FU Bao-lian. Principles of Minimum Potential Action and Stationary Complementary Action With Dual and Triple Mixed Variables for Linear Elastodynamics of Finite Displacement Theory and the Application[J]. Applied Mathematics and Mechanics, 2017, 38(12): 1359-1376. doi: 10.21656/1000-0887.380005
Citation: FU Bao-lian. Principles of Minimum Potential Action and Stationary Complementary Action With Dual and Triple Mixed Variables for Linear Elastodynamics of Finite Displacement Theory and the Application[J]. Applied Mathematics and Mechanics, 2017, 38(12): 1359-1376. doi: 10.21656/1000-0887.380005

Principles of Minimum Potential Action and Stationary Complementary Action With Dual and Triple Mixed Variables for Linear Elastodynamics of Finite Displacement Theory and the Application

doi: 10.21656/1000-0887.380005
  • Received Date: 2017-01-05
  • Rev Recd Date: 2017-05-13
  • Publish Date: 2017-12-15
  • 2 new concepts, potential action and complementary action, were first introduced into the variational principles for linear elastodynamics.
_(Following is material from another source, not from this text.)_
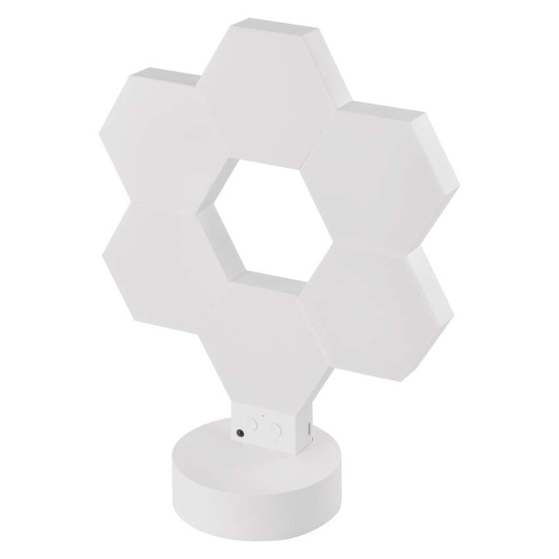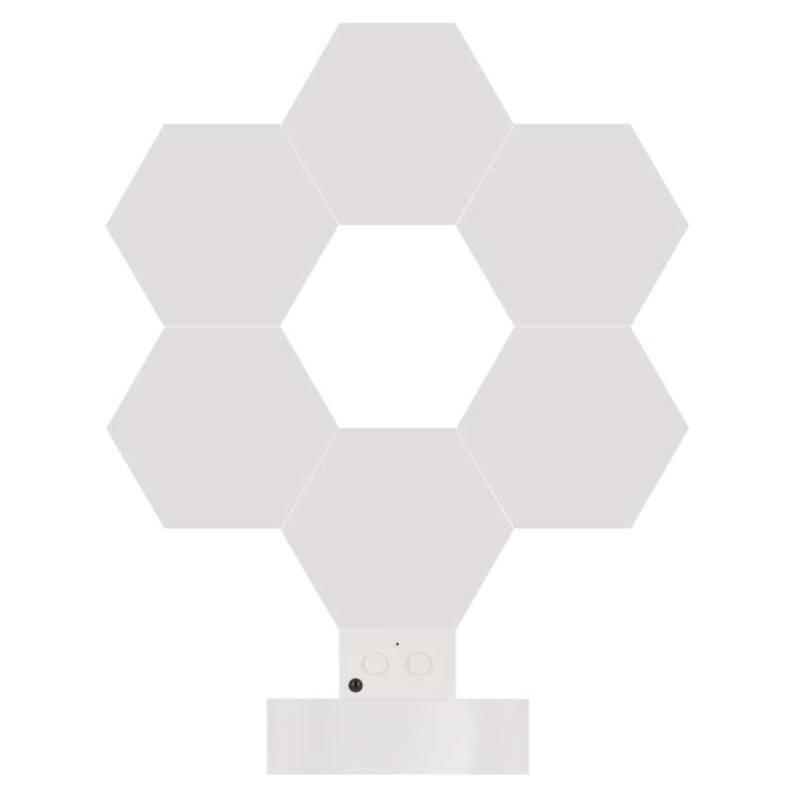 Lampa składa się z 6 paneli w kształcie heksagonów, które można dowolnie układać i zmieniać ich konfigurację. Dzięki temu produkt pełni nie tylko funkcję oświetlenia, ale także dekoracji wnętrza. Możesz ustawić ją na biurku lub zamontować na ścianie za pomocą taśmy montażowej.

On the basis of the concept of potential action, the principle of minimum action (Hamilton’s principle) was renamed to the principle of minimum potential action. In terms of the concept of complementary action, the principle of stationary complementary action was proposed for the first time. Next, the principles of minimum potential action and stationary complementary action with dual mixed variables of displacement and stress were derived in view of the boundary condition changes by means of the reciprocal theorem. And then, through the application of the relations between the strain energy density and the complementary energy density to the above 2 principles with dual mixed variables, the principles of potential action and complementary action with triple mixed variables of displacement, stress and strain were derived. Finally, the generalized principles of potential action and complementary action were given with the Lagrange multiplier method, in the meantime, the principle of minimum potential action with dual mixed variables of large deflection beams was applied to the calculation of a bending cantilever beam under forced vibration.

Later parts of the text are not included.